Generative AI

How Does an AI Agent Choose What to Do Under Tokens, Latency, and Budget Constraints?

In this tutorial, we build a scheduling agent that intentionally monitors output quality against real-world constraints such as token usage, latency, and call budget. We design the agent to generate multiple candidate actions, estimate its expected costs and benefits, and choose an action plan that maximizes value while staying within a tight budget. With this, we show that agent systems can go beyond the behavior of “always use LLM” and instead think clearly about trade-offs, efficiency, and resource awareness, which are important for reliably deploying agents to constrained environments. Check it out FULL CODES here.

Copy the CodeCopiedUse a different browser
import os, time, math, json, random
from dataclasses import dataclass, field
from typing import List, Dict, Optional, Tuple, Any
from getpass import getpass


USE_OPENAI = True


if USE_OPENAI:
   if not os.getenv("OPENAI_API_KEY"):
       os.environ["OPENAI_API_KEY"] = getpass("Enter OPENAI_API_KEY (hidden): ").strip()
   try:
       from openai import OpenAI
       client = OpenAI()
   except Exception as e:
       print("OpenAI SDK import failed. Falling back to offline mode.nError:", e)
       USE_OPENAI = False

Set up an application and we securely load the OpenAI API key at runtime without hardcoding it. We also initialize the client so that the agent can properly return to offline mode if the API is not available. Check it out FULL CODES here.

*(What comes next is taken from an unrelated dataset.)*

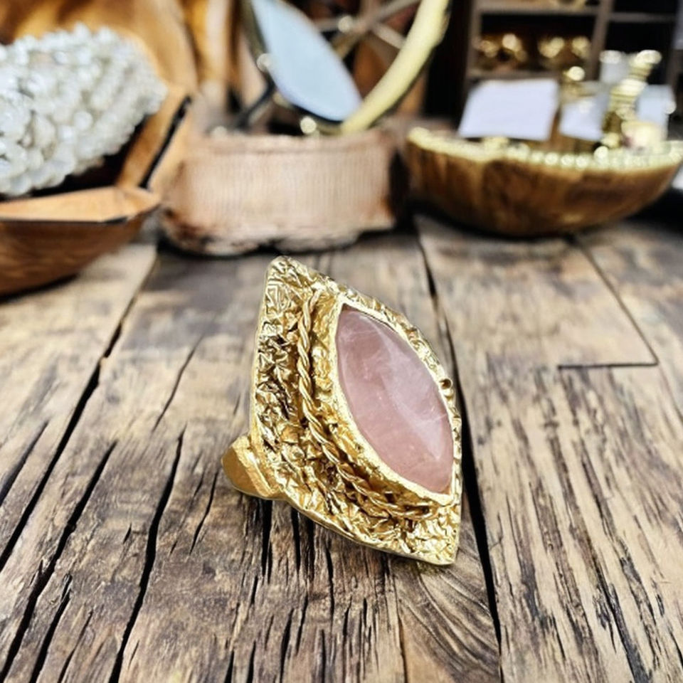 Gold plated Handmade Gemstone Big Leaf Design Adjustable Stylish Cocktail Ring Indian style wholesale prize
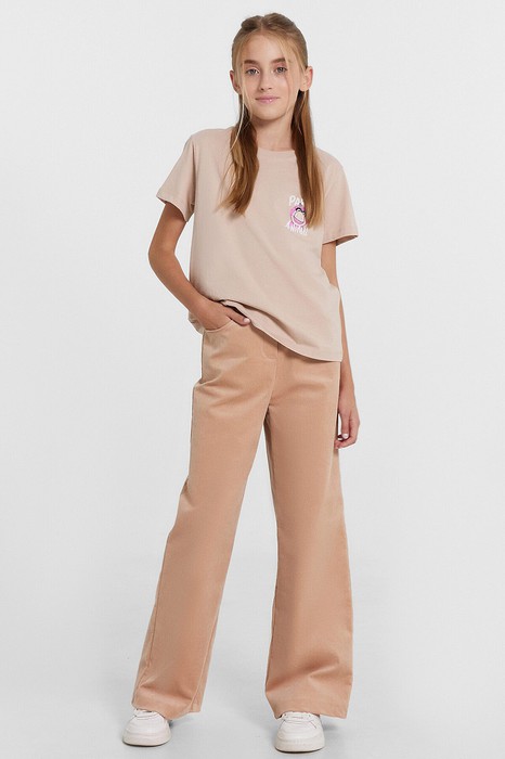 Брюки прямого силуэта. Посадка на талии. Пояс отрезной по переду гладкий, задняя деталь пояса с резиной внутри 40RV. По переду изделия карманы с отрезным бочком. Низ изделия обработан швом в подгибку.

Copy the CodeCopiedUse a different browser
def approx_tokens(text: str) -> int:
   return max(1, math.ceil(len(text) / 4))


@dataclass
class Budget:
   max_tokens: int
   max_latency_ms: int
   max_tool_calls: int


@dataclass
class Spend:
   tokens: int = 0
   latency_ms: int = 0
   tool_calls: int = 0


   def within(self, b: Budget) -> bool:
       return (self.tokens <= b.max_tokens and
               self.latency_ms <= b.max_latency_ms and
               self.tool_calls <= b.max_tool_calls)


   def add(self, other: "Spend") -> "Spend":
       return Spend(
           tokens=self.tokens + other.tokens,
           latency_ms=self.latency_ms + other.latency_ms,
           tool_calls=self.tool_calls + other.tool_calls
       )

We describe the main budget summaries that allow the agent to think clearly about costs. We model the usage of tokens, delays, and tool calls as first-class values ​​and provide implementations to accumulate and validate usage. It gives us a clean base to enforce constraints on all planning and execution. Check it out FULL CODES here.

Copy the CodeCopiedUse a different browser
@dataclass
class StepOption:
   name: str
   description: str
   est_spend: Spend
   est_value: float
   executor: str
   payload: Dict[str, Any] = field(default_factory=dict)


@dataclass
class PlanCandidate:
   steps: List[StepOption]
   spend: Spend
   value: float
   rationale: str = ""


def llm_text(prompt: str, *, model: str = "gpt-5", effort: str = "low") -> str:
   if not USE_OPENAI:
       return ""
   t0 = time.time()
   resp = client.responses.create(
       model=model,
       reasoning={"effort": effort},
       input=prompt,
   )
   _ = (time.time() - t0)
   return resp.output_text or ""

We present data structures representing individual action choices and candidates for the full system. We also describe a lightweight LLM cover that measures how text is produced and measured. This separation allows the programmer to think about actions more transparently without being tightly bound to operational details. Check it out FULL CODES here.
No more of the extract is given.